Multimodal Knowledge Retrieval-Augmented Iterative Alignment for Satellite Commonsense Conversation

Multimodal Knowledge Retrieval-Augmented Iterative Alignment for Satellite Commonsense Conversation

Qian Li, Xuchen Li, Zongyu Chang, Yuzheng Zhang, Cheng Ji, Shangguang Wang

Proceedings of the Thirty-Fourth International Joint Conference on Artificial Intelligence
Main Track. Pages 8168-8176. https://doi.org/10.24963/ijcai.2025/908

Satellite technology has significantly influenced our daily lives, manifested in applications such as navigation and communication.
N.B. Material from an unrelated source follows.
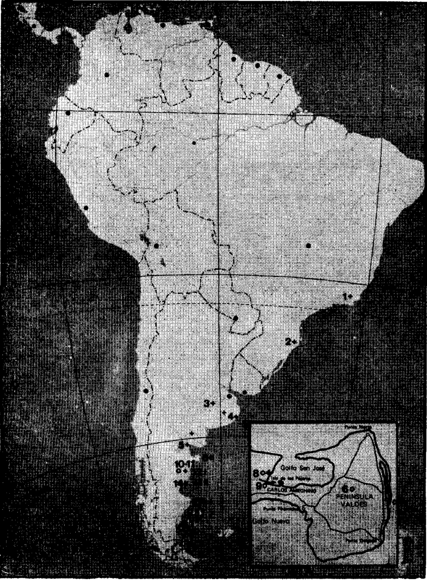
Figura 1. Plano de ubicación de las localidades donde se anilló aves (o) y se obtuvieron recuperaciones (+), mencionadas en el texto: 1, Río de Janeiro (Brasil); 2, Florianópolis (Brasil); 3, Trenque Lauquen (Buenos Aires); 4, Balcarce y Mar del Plata (Buenos Aires); 5, Guardia Mitre y San Antonio Oeste (Río Negro); 6, interior de la península Valdés (Chubut); 7, punta Cero en caleta Valdés (Chubut); 8, islote Notable = isla de los Pájaros en el golfo San José (Chubut); 9, costa S del golfo San José, entre El Riacho y punta Logaritmo en el istmo Carlos Ameghino (Chubut); 10, punta Clara (Chubut); 11, punta Tombo (Chubut); 12, Camarones y cabo Dos Bahías (Chubut); 13, isla Quintano (Chubut); 14, bahía Bustamante (Chubut) y 15, islote Estorbo = isla de los Pájaros en la ría de Deseado; 16, bahía Laura; 17, ría de Santa Cruz; 18, Cabo Vírgenes (Santa Cruz).

en relación con enfermedades virósicas de importancia agropecuaria de las que se suponía eran portadoras ciertas especies de nuestra avifauna (C. C. Olrog, 1962).

With its development, a vast amount of multimodal satellite commonsense data has been generated, thus leading to an urgent demand for conversation about satellite data. However, existing large language models suffer from prevalent hallucinations and poor comprehensibility on multimodal satellite data due to their high professional content threshold and partial information opacity. To address these issues, we propose a multimodal satellite knowledge retrieval-augmented iterative alignment framework (Sat-RIA) for satellite commonsense conversation. We first construct multi-view retrieval expert knowledge to reduce hallucinations and enhance the interpretability of responses, which incorporates the satellite expert database, satellite rule, satellite image database, and a satellite knowledge graph. We next design commonsense conversation instructions to make the answers more legible and understandable. Furthermore, the retrieval-augmented iterative alignment module refines response precision by aligning outputs with task-specific standards through multi-stage evaluations. Finally, we construct satellite multi-turn dialogue and visual question-answer datasets for a more comprehensive evaluation of satellite commonsense conversation. Experimental results demonstrate that Sat-RIA outperforms existing large language models and provides more comprehensible answers with fewer hallucinations.
Keywords:
Natural Language Processing: NLP: Applications
Natural Language Processing: NLP: Other